-------- Information supplied --------

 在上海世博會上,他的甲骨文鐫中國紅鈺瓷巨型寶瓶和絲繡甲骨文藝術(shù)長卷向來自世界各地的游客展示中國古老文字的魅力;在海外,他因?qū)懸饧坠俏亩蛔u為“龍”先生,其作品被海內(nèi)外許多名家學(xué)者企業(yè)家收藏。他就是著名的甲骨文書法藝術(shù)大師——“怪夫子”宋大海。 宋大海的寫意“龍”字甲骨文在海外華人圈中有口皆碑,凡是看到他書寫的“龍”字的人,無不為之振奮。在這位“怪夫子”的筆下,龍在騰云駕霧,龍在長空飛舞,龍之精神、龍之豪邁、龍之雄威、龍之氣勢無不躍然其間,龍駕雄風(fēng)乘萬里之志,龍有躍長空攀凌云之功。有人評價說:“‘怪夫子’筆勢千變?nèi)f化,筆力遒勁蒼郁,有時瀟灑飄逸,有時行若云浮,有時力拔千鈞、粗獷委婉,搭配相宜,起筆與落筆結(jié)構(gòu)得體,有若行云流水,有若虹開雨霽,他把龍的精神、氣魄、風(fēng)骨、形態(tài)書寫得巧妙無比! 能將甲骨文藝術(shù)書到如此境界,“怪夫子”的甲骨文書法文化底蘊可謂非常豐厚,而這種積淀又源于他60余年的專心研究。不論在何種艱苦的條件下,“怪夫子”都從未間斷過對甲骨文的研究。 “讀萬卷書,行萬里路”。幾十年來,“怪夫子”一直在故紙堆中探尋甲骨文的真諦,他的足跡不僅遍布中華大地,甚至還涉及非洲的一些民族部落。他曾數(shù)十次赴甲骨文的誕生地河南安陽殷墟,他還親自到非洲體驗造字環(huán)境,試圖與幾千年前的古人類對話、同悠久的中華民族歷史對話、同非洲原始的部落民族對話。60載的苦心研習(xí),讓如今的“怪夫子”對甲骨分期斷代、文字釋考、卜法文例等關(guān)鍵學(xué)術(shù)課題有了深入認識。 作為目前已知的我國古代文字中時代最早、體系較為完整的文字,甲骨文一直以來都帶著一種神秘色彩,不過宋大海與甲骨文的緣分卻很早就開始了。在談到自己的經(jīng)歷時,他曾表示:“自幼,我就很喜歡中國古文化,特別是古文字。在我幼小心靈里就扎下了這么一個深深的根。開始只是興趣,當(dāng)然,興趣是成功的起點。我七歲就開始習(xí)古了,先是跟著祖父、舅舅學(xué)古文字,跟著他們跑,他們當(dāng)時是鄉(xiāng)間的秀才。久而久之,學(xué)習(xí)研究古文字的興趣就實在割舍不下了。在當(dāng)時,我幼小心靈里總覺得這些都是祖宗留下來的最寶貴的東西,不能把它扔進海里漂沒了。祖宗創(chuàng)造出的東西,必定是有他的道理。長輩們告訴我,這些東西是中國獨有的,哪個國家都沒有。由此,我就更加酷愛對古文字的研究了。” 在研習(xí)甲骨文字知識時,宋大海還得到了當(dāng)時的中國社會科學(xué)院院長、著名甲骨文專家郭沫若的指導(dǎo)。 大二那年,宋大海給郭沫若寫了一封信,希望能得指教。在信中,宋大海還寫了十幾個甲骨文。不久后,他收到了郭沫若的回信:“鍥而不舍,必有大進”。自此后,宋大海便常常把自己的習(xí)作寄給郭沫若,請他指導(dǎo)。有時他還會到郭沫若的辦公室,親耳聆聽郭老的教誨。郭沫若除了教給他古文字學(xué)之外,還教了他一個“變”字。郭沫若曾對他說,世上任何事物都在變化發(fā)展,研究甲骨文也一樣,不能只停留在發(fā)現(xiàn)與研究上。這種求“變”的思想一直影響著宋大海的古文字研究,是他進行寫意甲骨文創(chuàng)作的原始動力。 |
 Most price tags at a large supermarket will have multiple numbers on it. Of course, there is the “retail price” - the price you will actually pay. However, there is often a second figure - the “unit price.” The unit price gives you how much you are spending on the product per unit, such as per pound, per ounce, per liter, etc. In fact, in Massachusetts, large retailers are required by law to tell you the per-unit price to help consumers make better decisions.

--------
-------- Information supplied --------

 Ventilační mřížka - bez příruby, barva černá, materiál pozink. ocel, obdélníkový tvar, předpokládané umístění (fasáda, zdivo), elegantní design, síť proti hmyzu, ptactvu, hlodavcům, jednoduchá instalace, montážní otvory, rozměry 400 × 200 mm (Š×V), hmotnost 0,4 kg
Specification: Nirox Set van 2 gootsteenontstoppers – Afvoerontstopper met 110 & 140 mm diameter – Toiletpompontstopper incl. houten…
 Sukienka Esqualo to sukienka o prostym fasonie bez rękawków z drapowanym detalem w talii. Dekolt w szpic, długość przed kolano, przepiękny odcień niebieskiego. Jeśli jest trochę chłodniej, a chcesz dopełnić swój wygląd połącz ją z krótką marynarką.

--------

Everything above from the line containing "Specification: Nirox Set" down to the line containing "Sukienka Esqualo to" should be copied exactly, both end lines included, and nothing else.

> [Task output]:
Specification: Nirox Set van 2 gootsteenontstoppers – Afvoerontstopper met 110 & 140 mm diameter – Toiletpompontstopper incl. houten…
 Sukienka Esqualo to sukienka o prostym fasonie bez rękawków z drapowanym detalem w talii. Dekolt w szpic, długość przed kolano, przepiękny odcień niebieskiego. Jeśli jest trochę chłodniej, a chcesz dopełnić swój wygląd połącz ją z krótką marynarką.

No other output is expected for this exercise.